I'd disconnect the computers, one-by-one, for 1 hour and check the usage. Make sure the duration sync's up with that in 'Login-time.doc'. It would help us identify an errant PC (bad NIC, etc.).

If the PC's are connected via switch, check the lights/activity. I'd start with the PC's that are more often on than others. Just disconnect them and then connect again (one-by-one) to determine the culprit.

If none of your machines are compromised and you have verified no machines are using peer-to-peer file sharing (i.e. bittorrent), then the problem may simply be a lot of spam traffic.  Do you have anti-spam of any type on the SBS server or is spam removed by clients?  How much spam are your users getting per day?

I was seeing 250-350 MB of mail traffic per day until I configured the mailserver to use DNSRBLs to reject inital connections from known/highly possible spammers and misconfigured mail servers before the mail was even accepted.  Almost instantly mail traffic reduced to 140-200 MB per day (reducing mail traffic by at least 100MB per day), most of which was valid email.  Initially the clients I mention were getting 40-100 spam emails a day which dropped to 1 or 2 per day.
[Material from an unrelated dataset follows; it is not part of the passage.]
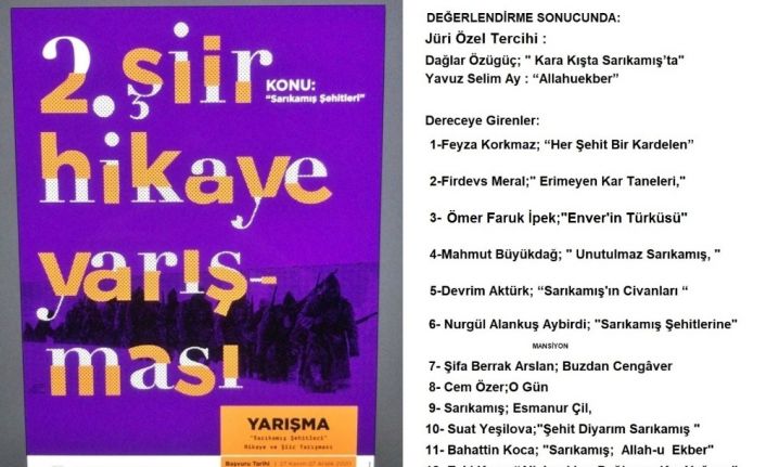 Atatürk Üniversitesi ODAK (Orta Doğu ve Orta Asya-Kafkaslar Araştırma ve Uygulama Merkezi) araştırma merkezinin tertiplediği yarışmaya 117 şiir gönderildi. Değerlendirmeyi yapan Jüri üyeleri birbirinden zengin içerikteki şiirleri seçmede zorlandılar. Şair Dağlar Özügüç ve Yavuz Selim Ay’ın jüri olduğu programda ‘Her şehit bir kardelen’ şiiriyle Feyza Korkmaz birinci oldu. Firdevs Meral ikinci olurken Ömer Faruk İpek ise üçüncü sırada yer aldı. Sarıkamış’ta önümüzdeki yıllarda da devam edeceğinin belirtildiği yarışmada derece alanlara şair Gürsoy Solmaz’ın kitapları hediye edildi.Sarıkamış şehitleri şiir yarışması sonuçları belli oldu

I've attached a graph showing the dramatic reduction in total email traffic by implementing more aggressive anti-spam controls. Keep in mind when the connection is rejected by the mail server, a very small amount of bandwidth is used compared to accepting the email then deleting it as spam later.  

Unfortunately you cannot do this because you are downloading the email from your host (via POP3) not accpeting the inbound SMTP yourself.  This means you have to remove the spam after it has been downloaded.  See if your mail host offers anti-spam and if they will allow you to enable the feature temporarily to see if it helps.
email-traffic.jpg
Noci's comment is a really good idea.  I would NEVER rely on an ISPs router for security, ever.  It's like flying blind, you won't even know there is a wall in your path until you hit it.  
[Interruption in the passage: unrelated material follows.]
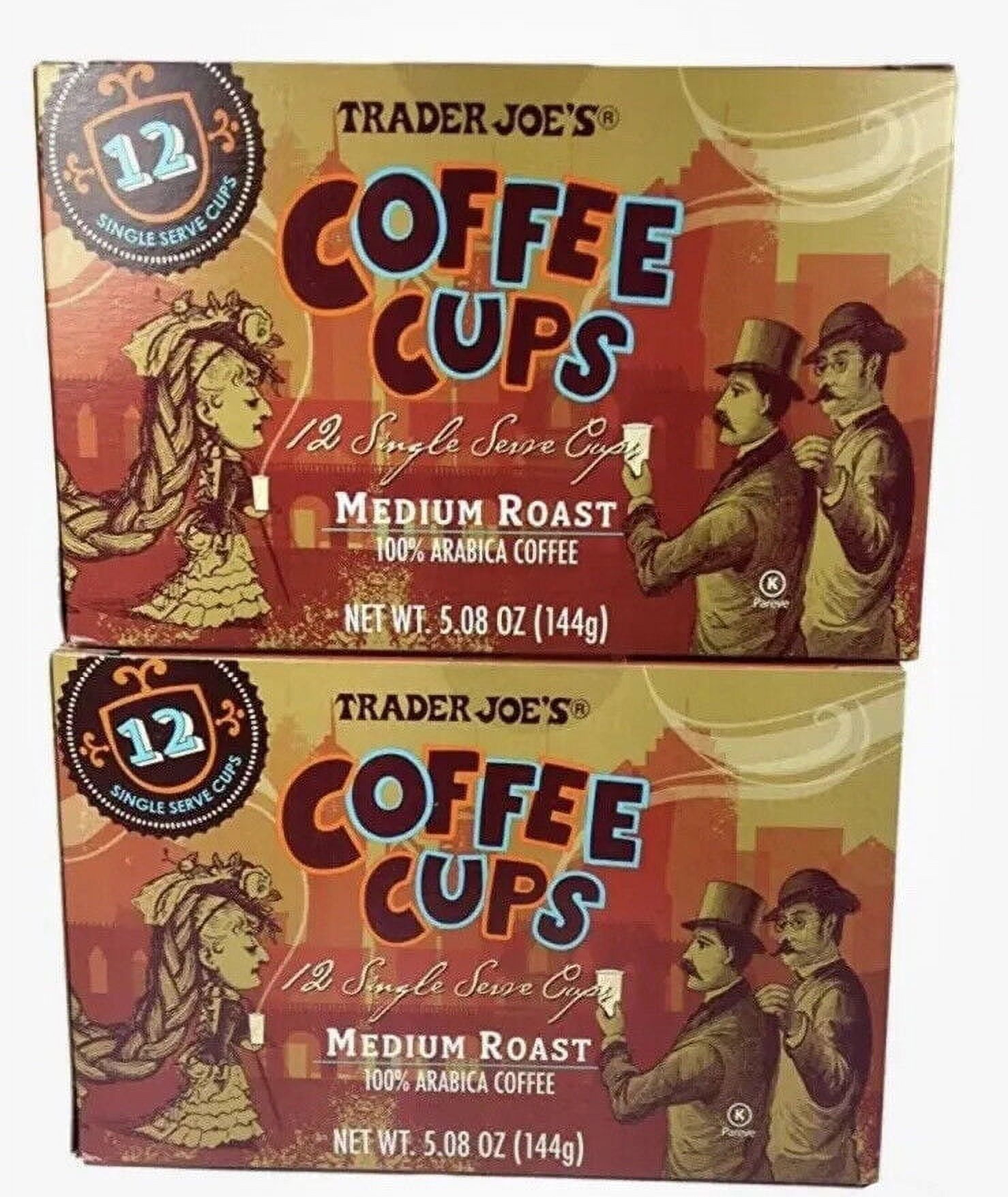 2 Packs Trader Joe's Coffee Cup Medium Roast 12 Cups 5.08 oz Each Pack

Cisco/Linksys makes an excellent business router/firewall called the RV042 that goes for less than $150 that can provide you with much more information than you currently have, as well as increasing your level of security exponentially.  On top of that you can subscribe to security updates that will protect your whole network from viruses, expoilts, and worse at the Internet connection before it even enters your network.  An added benefit is that you get secure remote access via VPN.
Hi some more information

It definately is not spam coz we do not get that much spam mail atmost maybe 20 emails a day. As for disconnecting the machines to see the usage, I know for sure that all the machines except the server are off over night and on weekends so all the activety I see during those times should be coming from the server. I disconnected all wireless access points when I started noticing this issue so there hasn't been any wireless activity. This weekend with all wireless access points disconnected and no other machines on, this is the activity i had Megabytes sent were 155.92mb and megabytes received were 2369.18mb.
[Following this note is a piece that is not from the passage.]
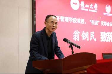 翁钢民教授代表王海军校友授业恩师致辞。他深情回顾了王海军在校求学时的点滴,赞扬了王海军在成就事业的路上用实际行动持续反哺母校。

I also got hold of my ISP to ask which ports are open on the router and they tell me that all ports are open by defualt. Initially when we got the router I told them which ports to open but they neglected to close the other ports. I do agree, not having access to your router is not the ideal thing but with this contract they told us that they do not give access to any clients who have threshold uncapped adsl and static IPs.  
As said before there are solutions that can sit happily in between a modem/router and your network.
An oridinary PC with 2 net adapters  running a firewall distro (see below),  A Zyxel Zywall 2, the earlier mentioned Cisco/Linksys RV042 box (and others),
Then YOU have the ability to forward or block traffic at will, (even allow more for a short wile), most modern boxes support QoS, so you can limit certain traffic over others or log/alert when there is a discrepancy.

IPCOP: http://www.ipcop.org/
Smoothwall: http://www.smoothwall.org/
CoyoteLinux: http://coyotelinux.com/
DevilLinux: http://www.devil-linux.org/home/index.php

Yah you were right Cybervzhn tech. Its WSUS the wsuscontent folder grow by 22gig this month alone.